Introduction

The poultry industry has established a strong position in the agriculture sector by providing essential animal protein to a rising population. In contemporary poultry farming, providing optimal development, health, and disease resistance in broilers is critical to achieving high productivity. Synthetic antibiotics have long been utilized as growth promoters to improve performance and feed efficiency in intensive poultry farming1. However, growing concerns about antibiotic resistance, residual effects on consumers, and the demand for safer, natural alternatives have led to the exploration of herbal extracts as viable solutions in poultry nutrition. This demand for safer and viable alternatives was also hastened by the European Union’s restriction on the use of antibiotics in feedstuffs for animals only as growth promoters in a number of nations2. In order to limit its use, strengthening the immune system by dietary manipulation using herbal combinations can be an efficient strategy.
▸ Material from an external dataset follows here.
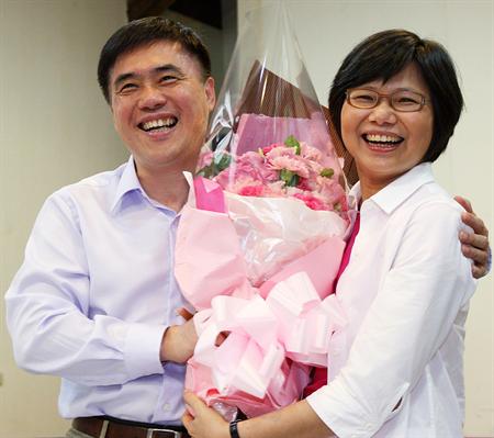 台北市长郝龙斌(左) 9日与妻子高阆仙(右)在市长官邸用餐共度母亲节,高阆仙说,上次与郝龙斌吃饭已经很久,记不得了。

Herbal combinations as immuno-modulators, derived from medicinal plants have gained attention as potential alternatives due to their ability to strengthen the immune system, promote gut health, and improve metabolic functions in broilers. These natural supplements contain phytochemicals (flavonoids, lycopene, curcumin etc.) described as residue-free and non-toxic plant-derived substances3 with antimicrobial, antioxidant, and immune-modulatory properties that support overall well-being. By stimulating the immune response and reducing oxidative stress, herbal additives contribute to enhanced disease resistance and improved performance, minimizing the need for conventional antibiotics. Turmeric (Curcuma longa), most widely used spice in India, contains curcumin as a major active ingredient has the potential to boost the immune status in broiler chicken through the proliferation of white pulp of spleen, rising the antibody titre against virus and increasing the lymphocytes and heterophils4. A remarkable improvement in broiler performance in terms of weight gain, and feed conversion ratio is also witnessed by the dietary addition of turmeric powder5,6,7,8. Amla (Phyllanthus emblica or Emblica officinalis), a plant enriched with vitamin C, have significantly boosted the immunity in broilers through raising antibody tires and cell mediated immune responses9,10. Dietary inclusion of fenugreek (Trigonella foenum-graecum) has considerable impact on functioning of immune system via the regulation of cell mediated and humoral immune response. It activates various immune responsive cells and increases circulating levels of antibody against various pathologic agents11,12. Giloy (Tinospora cordifolia) also named as Guduchi or Geloy is a widely distributed medicinal plant with antioxidative, antimicrobial, anti-inflammatory effects13. Although plant-based compounds offer promising alternatives to antibiotics, challenges remain in optimizing their efficacy and ensuring consistent performance outcomes, particularly concerning the combination form, dosage, and nature of the product. The aim of this study was to evaluate the effects of polyherbal immunomodulators on broiler performance and determine how effectively they promote growth, immunity, feed conversion efficiency, and overall health.

Materials and methods

Ethics declarations

The study conducted in accordance with the regulatory framework outlined by the ‘Committee for the Purpose of Control and Supervision of Experiments on Animals (CPCSEA) 2012’, as laid down under the ‘Prevention of Cruelty to Animals Act 1960’ of the Indian Penal Code. The experimental protocols employed in this investigation received explicit approval from the Institutional Animal Ethics Committee (IAEC) of ICAR-Central Avian Research Institute, Bareilly, 243,122, India. The approval number is 467/GO/S/05/CPCSEA-24/09/2023 (Project code: P-1/2023/1-IAV/L34/3900/6233, Duration: 01-09-2023 to 31-08-2025). The research was done in accordance with the ARRIVE (Animal Research: Reporting of in- vivo Experiments) standards.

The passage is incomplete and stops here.